In a January poll by The Hokkaido Shimbun, a regional daily newspaper, nearly 70 percent of those surveyed said they opposed hosting the Games. The turnabout is evident even in once enthusiastic residents like Masako Ishibashi, who attended the opening ceremony of the 1972 Sapporo Olympics as a child and whose daughter has ambitions of becoming a pro alpine skier.

In the wake of the scandal, “the feeling that we should definitely, definitely do it is gone,” she said as she walked her dog near the outdoor skating rink where the Olympic kickoff was held five decades ago.

When Sapporo became the first Asian city to host the Winter Olympics, it was little known abroad. Today, the city of two million is an international gateway for travelers headed to famous ski destinations like Niseko, a high-toned village catering mostly to foreigners.

With tourism on the rise, a second Winter Olympics seemed like a good bet for the city’s brand, and in 2014 local officials announced their ambition to host the event in 2026. An earthquake four years later derailed the plans, and the Games went to Italy.

When Sapporo revived its bid in 2020, local enthusiasm was strong. A decision to move the Tokyo Olympics’ marathon to Sapporo because of the capital’s suffocating summertime heat added to the Olympic momentum.

The following year, Sapporo officials persevered as public opinion turned against the Tokyo Olympics, with many fearful that the Games could become a superspreader event. Spectators were mostly barred, and an ambivalent nation watched the competition on television.

Sensitive to the high costs of the Tokyo Games, Sapporo put together a bid proposal that largely relied on existing facilities, including an ice rink from the 1972 Games. Sledding events would be held at old Olympic facilities in faraway Nagano, and the event would, “in principle,” be entirely paid for by the I.O.C. and private funds. Posters went up around the city promoting the bid. Officials were modestly confident it was a done deal.

Now, with opposition widespread, it is anything but. Sapporo has so far refused to hold a referendum on the issue, but it may have the next best thing on April 9, when the mayor, Mr. Akimoto, comes up for re-election.
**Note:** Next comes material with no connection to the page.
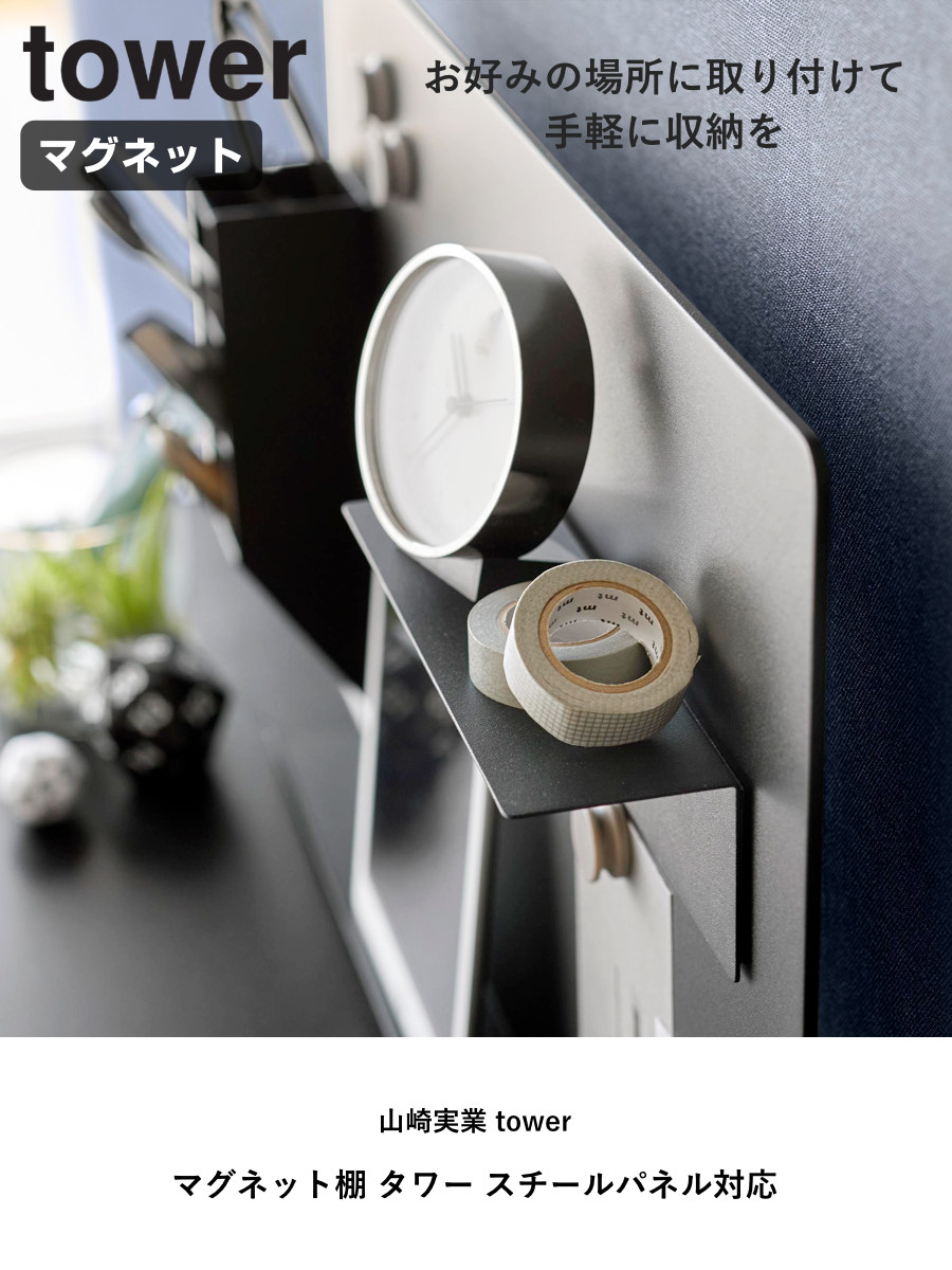 山崎実業 tower マグネット棚 タワー スチールパネル対応 ( 4903208100946 タワーシリーズ 棚 マグネット スチールパネル用 スチール製 ラック スチール棚 マグネット小物棚 磁石 カスタマイズ ) 【ブラック】

Kaoru Takano, a former city official who opposes Sapporo’s bid, is running for the post, hoping to make his candidacy a proxy vote on the Games, which he believes will cost the city time and money better spent elsewhere.

While supporters of Sapporo’s bid have played down concerns about a ballooning bill, Mr. Takano points to the massive budget overruns that are nearly synonymous with Olympic events: Tokyo’s Games came in at nearly double the initial estimates.

Mr. Takano recognizes that he has little prospect of winning, but hopes to attract enough votes to show that the city is definitively against the Games, he said in an interview.

Even if Sapporo’s 2030 bid collapses, it will remain a tempting Olympic candidate as the I.O.C. emphasizes making the Games more environmentally and economically sustainable. A 2022 study projecting the impact of climate change on the Winter Olympics’ future said that, by midcentury, Sapporo may be one of the last former hosts in Asia capable of reliably holding the Games without resorting to artificial snow.

But for that to happen, Sapporo is going to have to repair the damage done by the Tokyo scandal, said Ryuichi Kasuga, a sports consultant who worked on the 1998 Nagano Olympics.

“They need to demonstrate that they can make a bid and hold an Olympics properly,” he said. “Otherwise, Japan’s Olympics movement is over.”